The Boat With a Beat

July 10, 1994|HILLARY JOHNSON | SPECIAL TO THE TIMES

By night, the Long Beach Harbor is a watery enchanted forest. The oil rigs and refineries sparkle with lights. A delicate mist rises from the waves, glowing faintly with moonlight. Against this eerie background, freighters loom like ghostly drifting skyscrapers.

In startling contrast, Star Party Cruises' Reggae Boat teeters merrily along its meandering course, a thimble of a vessel rolling over the waves to the tune of "One Love."
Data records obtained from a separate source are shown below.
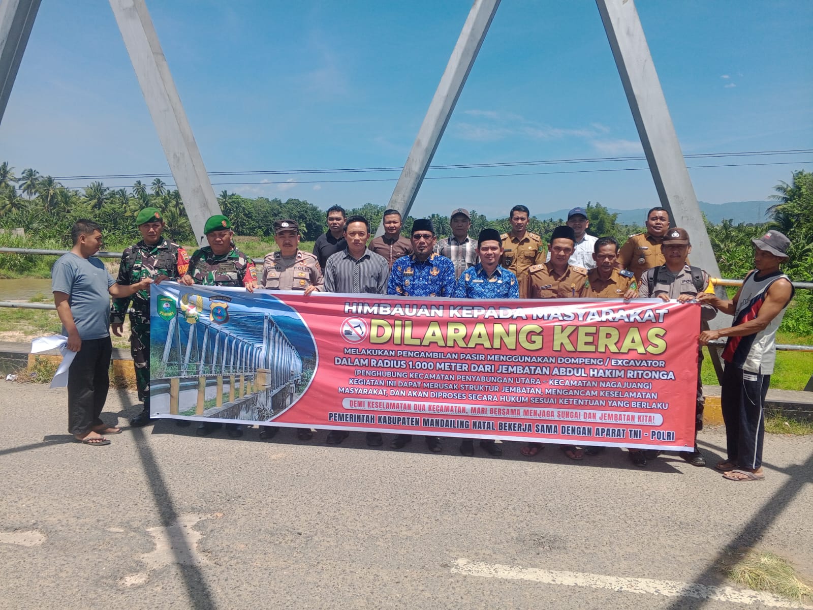 MANDAILING NATAL, hariantabagsel.com– “Inda mangantak mangan, Inda manggangu marusaho, dohot menyampaikan adong izin sanga inda,” kalimat itulah yang diucapkan rombongan Forkopimca yang hadir di bawah jembatan Naga Juang, Selasa (28/10) dalam rangka sosialisasi tidak mengambil galian c radius 509 meter dari jembatan.
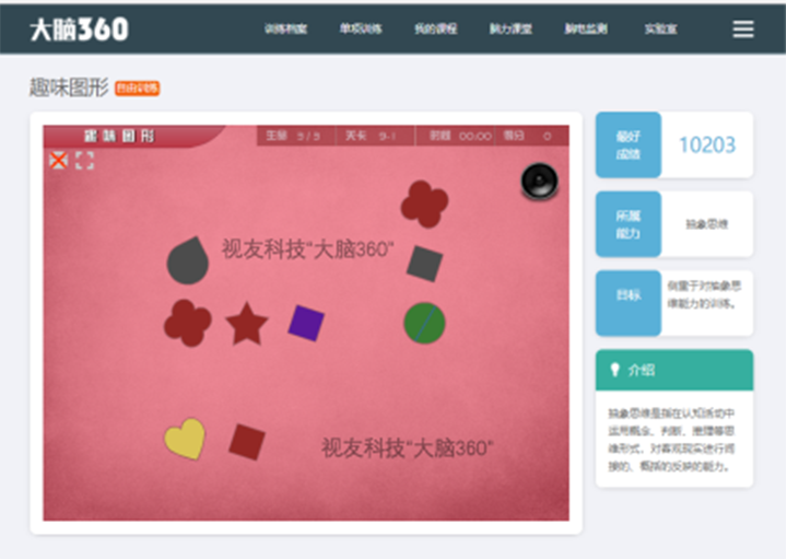 视友科技“大脑360” 中的抽象思维认知能力训练项目——趣味图形
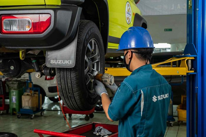 - Perawatan di Bengkel Resmi Suzuki. Setelah melakukan pemeriksaan sendiri di rumah, pengemudi dapat membawa mobilnya ke bengkel resmi Suzuki apabila mobilnya mengalami kerusakan. Selain itu, pengemudi juga wajib ke bengkel untuk melakukan pemeriksaan misalnya seperti wheel alignment, pemeriksaan komponen rem, dan pemeriksaan saringan udara kabin mobil. Selain dilakukan oleh tenaga ahli, pemeriksaan di bengkel resmi juga memiliki keuntungan lain, yaitu garansi suku cadang resmi untuk mobil Suzuki.
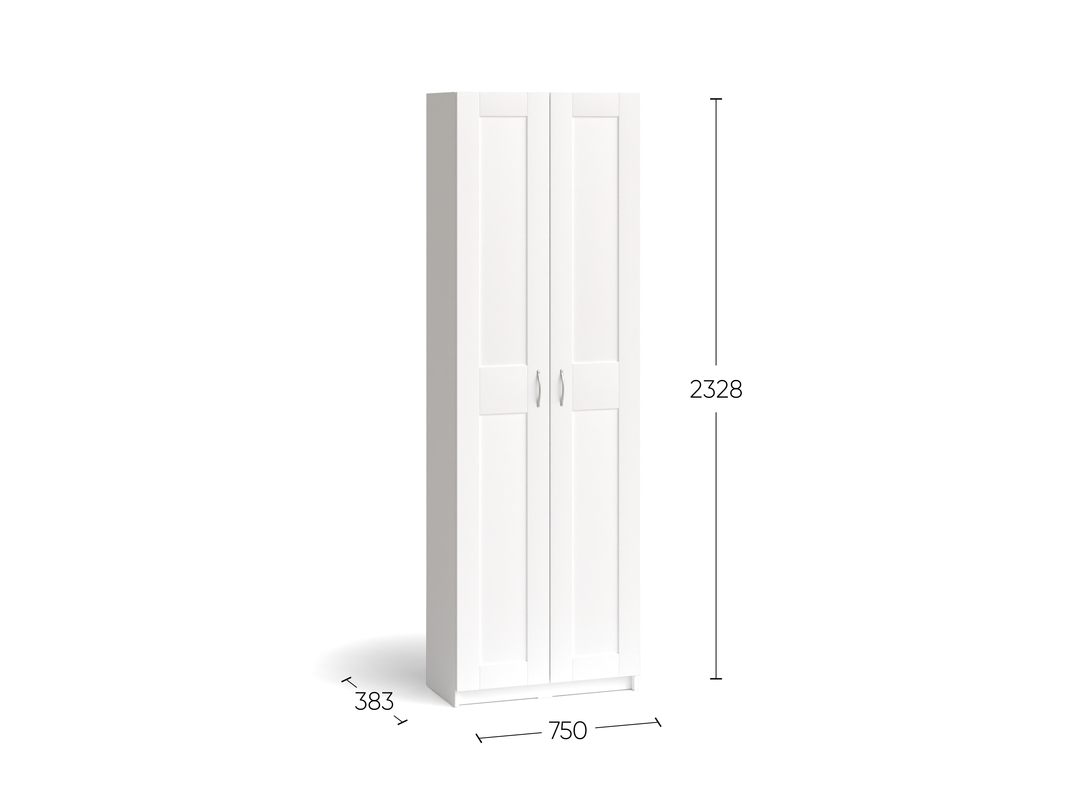 Шкаф МАКС для одежды двухдверный, 750х380х2330, цвет Белый. Укомлектован двумя полками . Изготовлен из кашированного ДСП толщиной 18 мм. Крепится к стене. Гарантийный срок для жилых помещений 24 месяца, для общественных помещений — 18 месяцев.
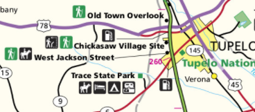 A 3 point 5-mile loop trail is located in southwest Tupelo, Mississippi, within the boundaries of the Parkway. The parking/staging area is accessed from Jackson Street in Tupelo, MS. From the Natchez Trace Parkway, exit onto Highway 6 at Milepost 260. Travel west on MS Highway 6 for approximately ½ mile to Air Park Road. Turn right and travel north to the end of the road at Jackson Street. Turn right on Jackson Street. A paved parking/staging area is on the left.
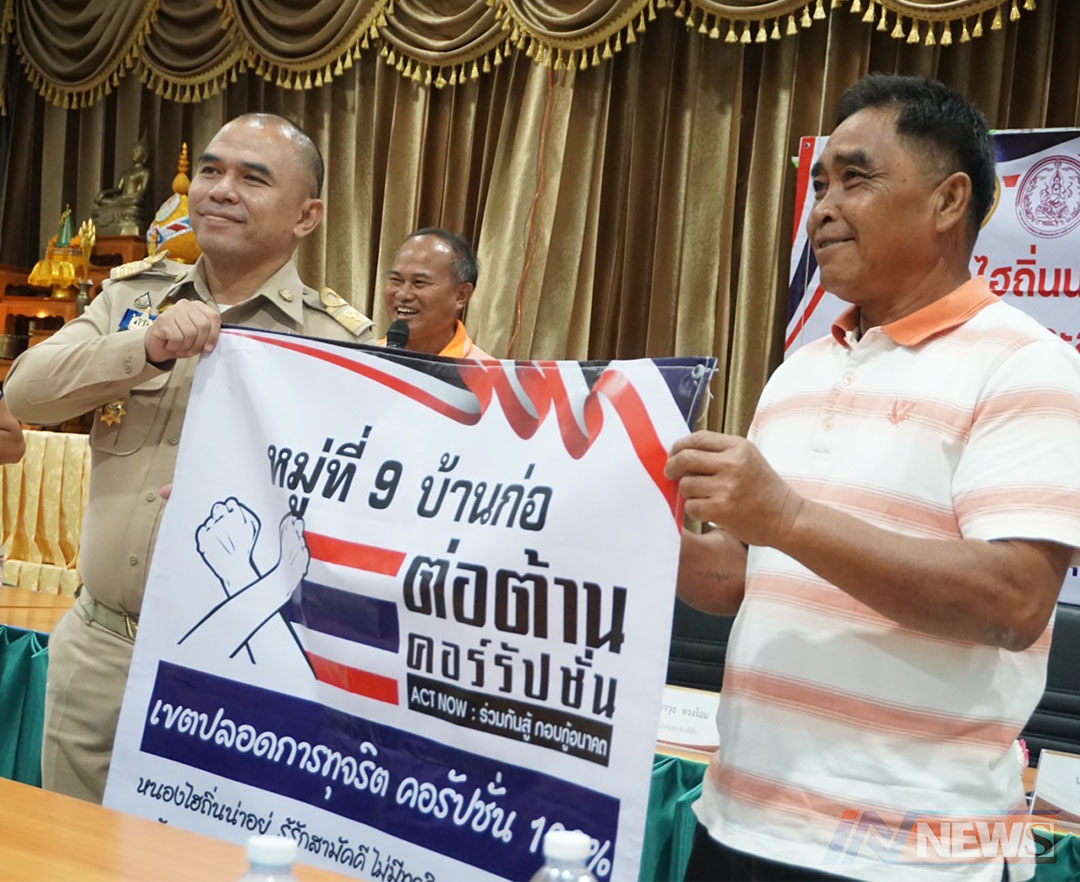 นอภ.อุทุมพรฯมอบป้ายป้องกันการทุจริต ให้กับหมู่บ้านในตำบลหนองไฮ
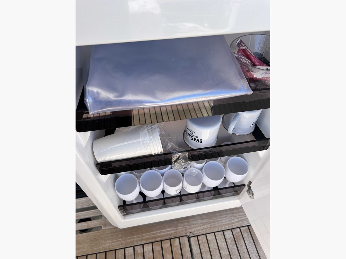 L’équipement est complet avec notamment le pack électronique Raymarine (GPS 12’’, VHF, sondeur/traceur), un système audio Fusion pour accompagner vos moments de détente, un cockpit en teck chaleureux et modulable, ainsi que des aménagements pensés pour le plaisir : grand bain de soleil avant, banquette transformable en solarium et rangements généreux. Un réfrigérateur supplémentaire et un réservoir d’eau additionnel viennent parfaire l’autonomie en croisière, tandis qu’un couchage double dans le carré permet d’accueillir confortablement famille et invités.
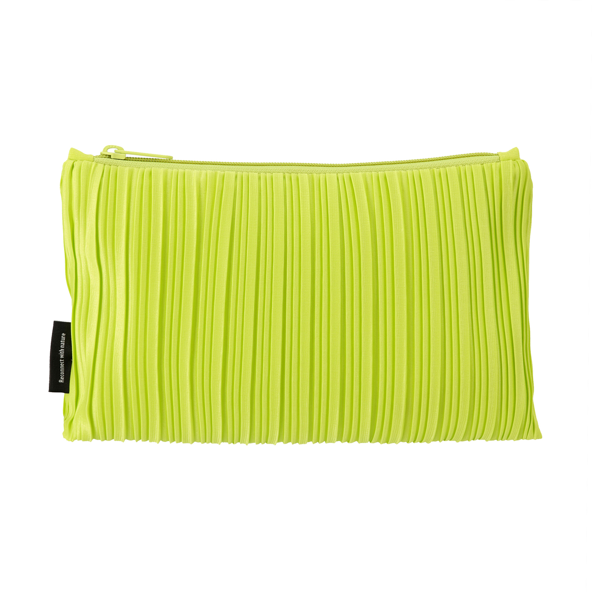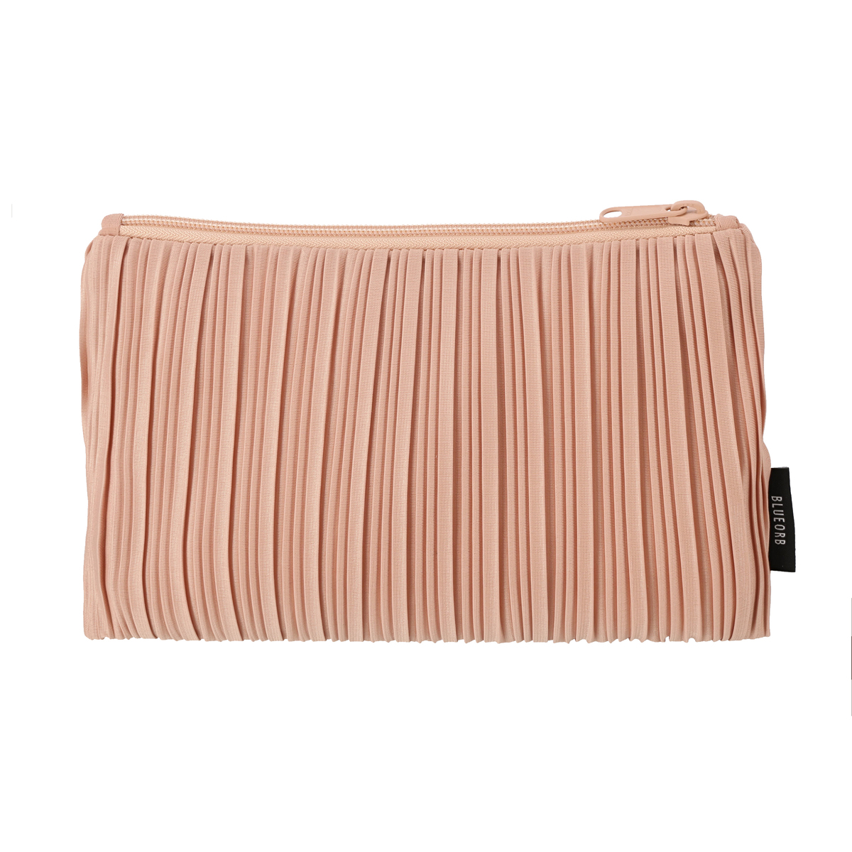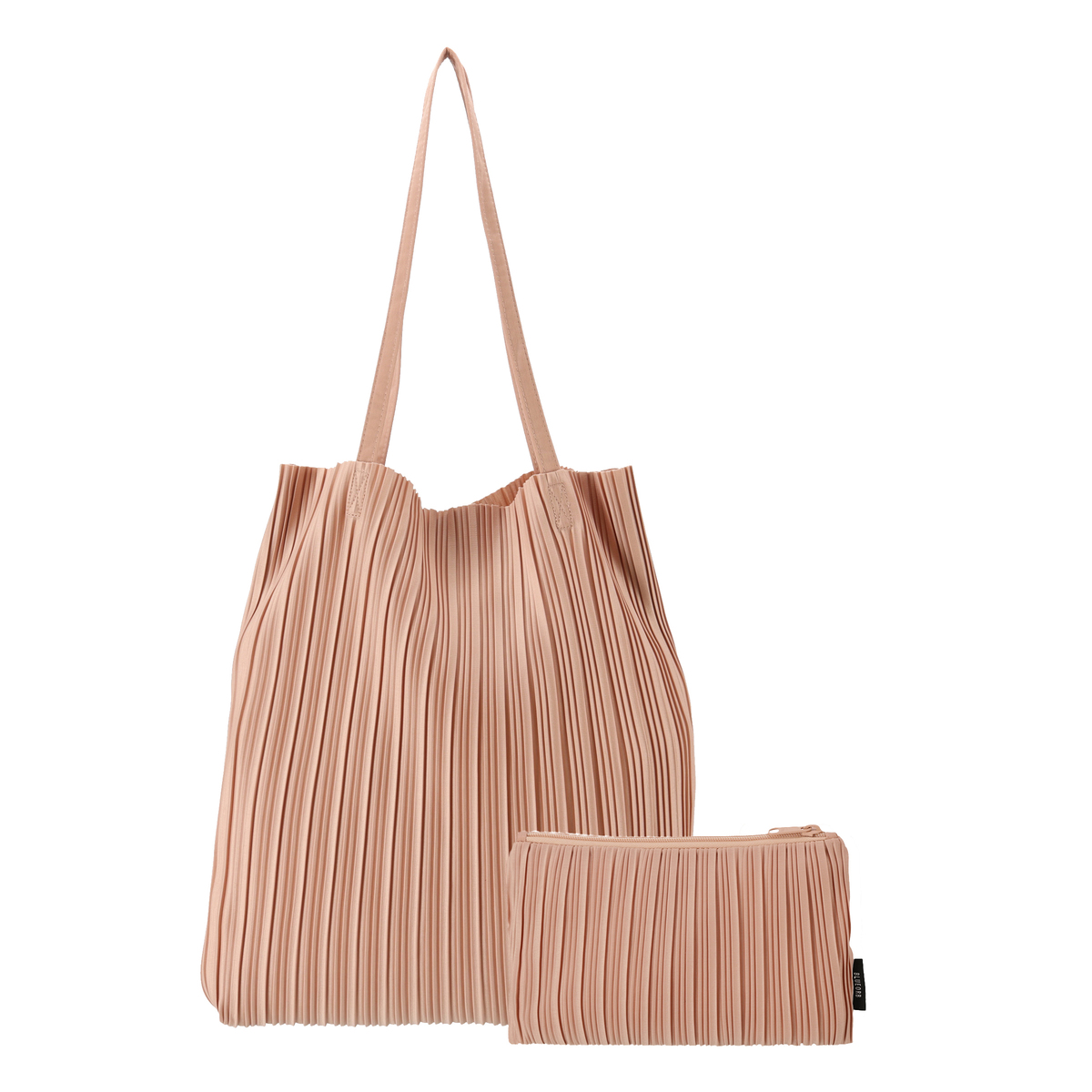 プリーツBagは好きで日本製の小さな物も持っていますが財布やスマホ以外に大きな物を入れると形が歪になり使いにくかったので出番が少なかったのですが、このbagは張りがありプリーツが開いても綺麗で形が崩れないので持ちやすいです。ポーチも同様にフアスナーもスムーズで大きさも良いです。

The 100 or so boisterous reggae enthusiasts on-board hoot and holler when they catch sight of a sailor peering over the towering bow of a Polish freighter as the little boat passes below. The tiny figure keeps looking down but doesn't wave back, apparently puzzled by this strange nautical phenomenon.

The double-decker cruise ship embarks at 10 p.m. every Saturday for a three-hour harbor cruise that offers dancing to a top reggae band such as Urban Dread or Kindred, plus cocktails and scenery that includes unique views of the downtown skyline, the Queen Mary and the dome that formerly housed the Spruce Goose, in addition to the industrial fantasyscape. Other weekend cruises feature live blues music.

The boat is surprisingly roomy. On the first level, a semi-enclosed space shelters the stage and a small dance floor, the bar and some benches, while the big deck upstairs is open to the sky. Women in shorts and bustiers better suited to a steamy indoor venue like Glam Slam seem oblivious to the chilly breeze, while a couple in grunge-inspired lumberjack shirts seems to huddle together for warmth.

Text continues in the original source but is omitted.